Specifically, the sukuk proceeds were used to fund the development of several projects including Jebel Ali Village, Jumeirah Islands, Dubai Promenade, the Lost City, Jumeirah Park, Jumeirah Village, Dubai Waterfront, and International City.  The developer wanted to build a city twice the size of Hong Kong Island, with skyscrapers for 1.5 million residents ringed by a 75 Km canal at Dubai Waterfront. (Salah: 2010). The return on the certificates were calculated on the basis of a fixed return of 6.345% per annum (the QPO yield).  On the 14th June and 14th December in each year (Each periodic distribution date) commencing on 14th June 2007, the issuer will pay periodic distribution amounts to each certificate holder calculated as the product of 50% of the QPO yield and the principal amount of the certificate on a 30/360 basis. In addition, on the redemption date the issuer will pay to each certificate holder (i) the final distribution amount calculated as the product of 50% of the QPO Yield and the principal amount of the certificates on a 30/360 basis.  (Islamic finance News Deals of the Year: 2006)


The originator was Nakheel Holdings – 1 LLC.  Nakheel Holdings 1, 2, and 3 were subsidiaries of Nakheel World LLC, which held 100% of the shares in all three Nakheel Holdings.  All three Nakheel Holdings had a subsidiary, Nakheel PJSC, which was operating in the real estate sector in Dubai.  The parent company and 100% shareholder of Nakheel World was Dubai World, a 100% state-owned company.


The Nakheel Sukuk was structured as a 3 year Pre-QPO Equity Linked Ijarah Sukuk wherein funds were raised at the Nakheel Holdings 1 (obligor) level.  Under a purchase agreement, certain pre-identified assets were sold to Nakheel Development Limited, an offshore special purpose vehicle (Issuer SPV) that was formulated as a free zone company in the Jebel Ali Free Zone. (Islamic finance News Deals of the Year: 2006)  The SPV issued trust certificates (sukuk) for US$3.52 billion in order to purchase assets from Nakheel Holdings 1 for 50 years including land, building, and property at the Dubai Waterfront valued at AED 15.5 billion dated October 31, 2006 by Jone Lang Lasalle. (Zaheer: 2013 )  The purchased assets were subsequently leased by the SPV, as trustee to the sukuk holders, to Nakheel Holdings 2 for a period of 3 years. Half of the lease amount was paid to sukuk holders via the SPV and the other half is deferred until the maturity of the sukuk.  (Zaheer: 2013)

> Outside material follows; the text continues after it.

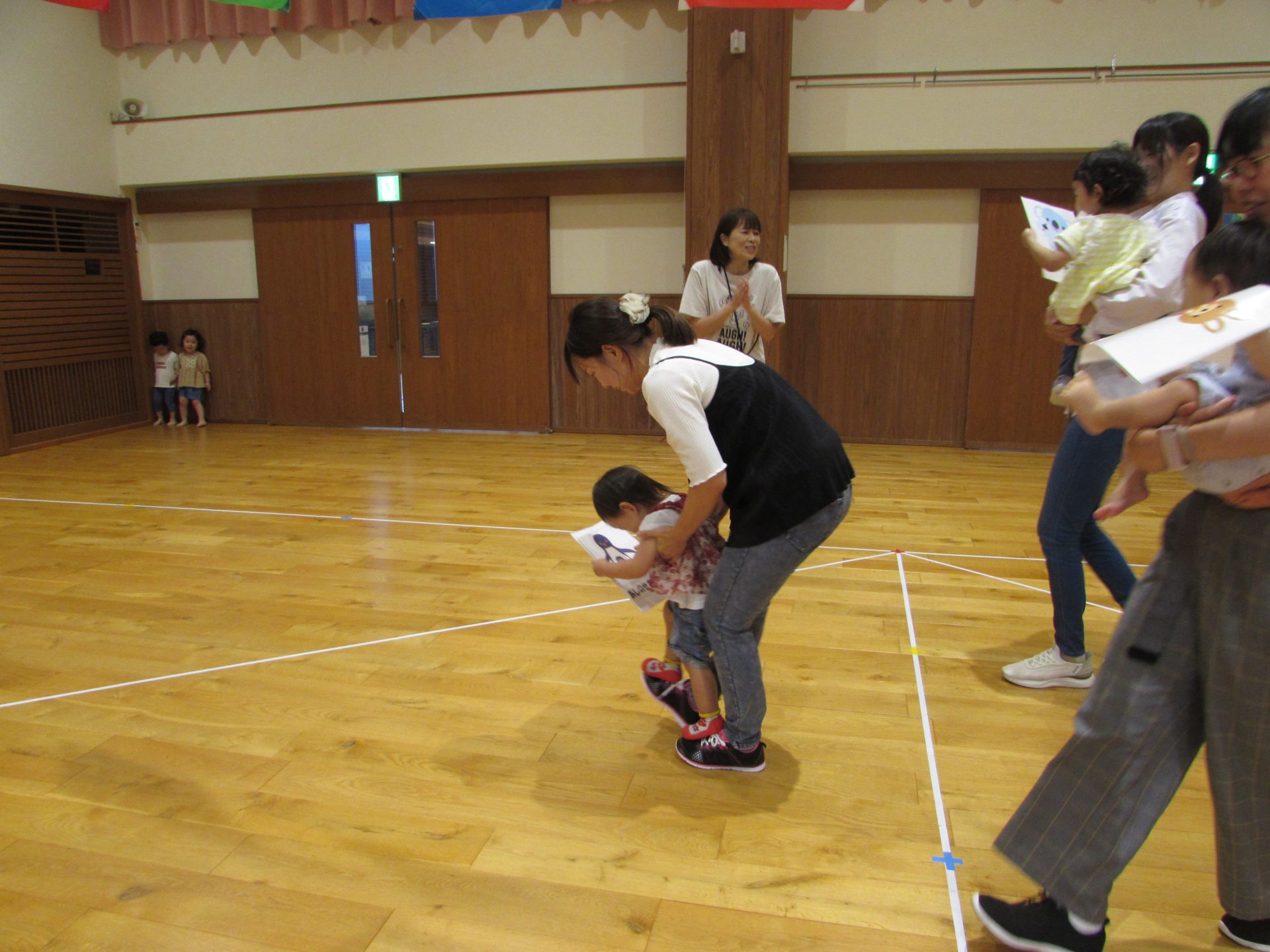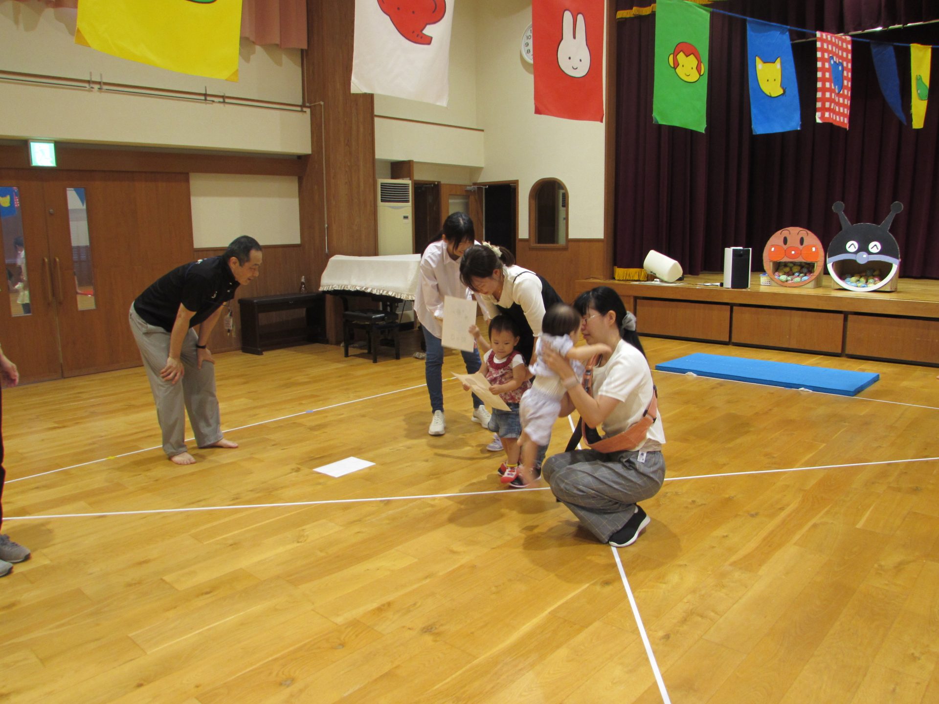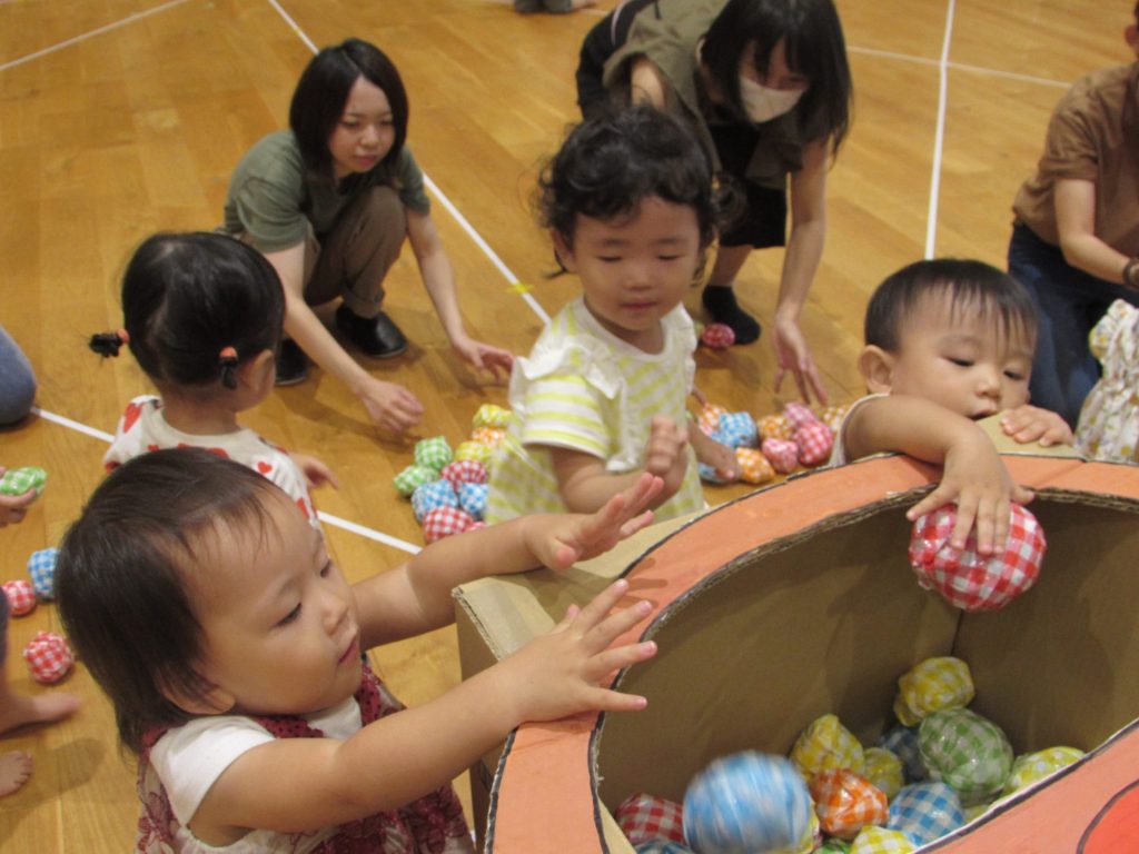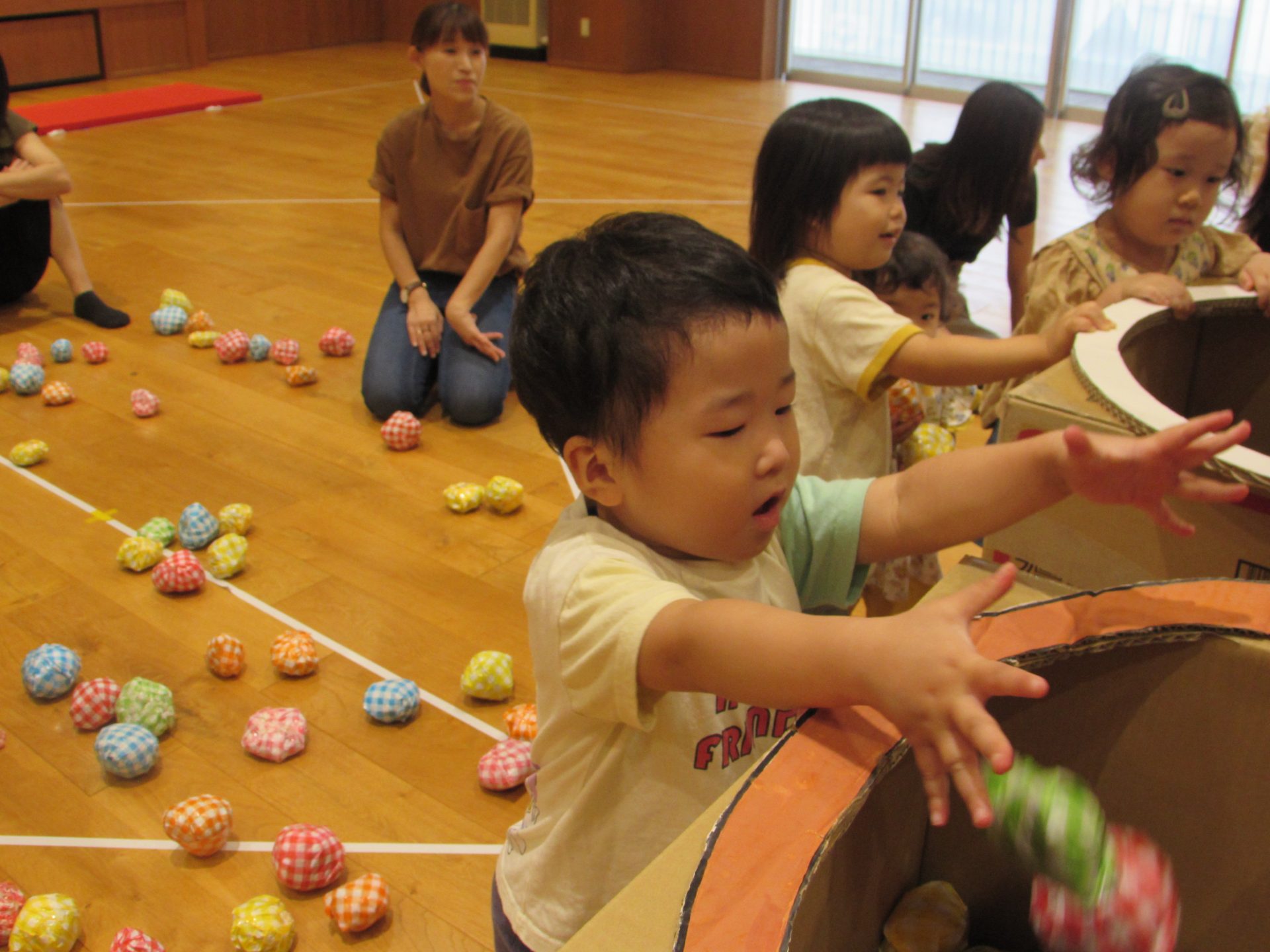 第7回の園開放は、『親子で運動会』を開催しました!!はじめに体操をしたあと、おうちの人と一緒にかけっこをしました。元気いっぱいに走る子どもたちの姿がとても印象的でした☆その他にも、玉入れやなりきりレースなど、さまざまな運動遊びに挑戦しました!最後にはおたからゲット競争を行い子どもたちのキラキラした笑顔があふれる、親子での楽しい運動会の時間となりました。

The lease comprised six consecutive periods of six months each. (Salah: 2010) The rental payments of the lease periods matched the periodic distribution payments on the sukuk so Nakheel SPV would pay the lease payments to the sukuk holders.  At the redemption date of the sukuk, the lessee had to purchase the sukuk assets from the lessor in accordance with a purchase undertaking at a certain exercise price.  This exercise price was equal to the redemption amount of the sukuk and would be used to pay back the principal amount to the sukuk holders.  In this way, the sukuk were redeemed (Salah: 2010).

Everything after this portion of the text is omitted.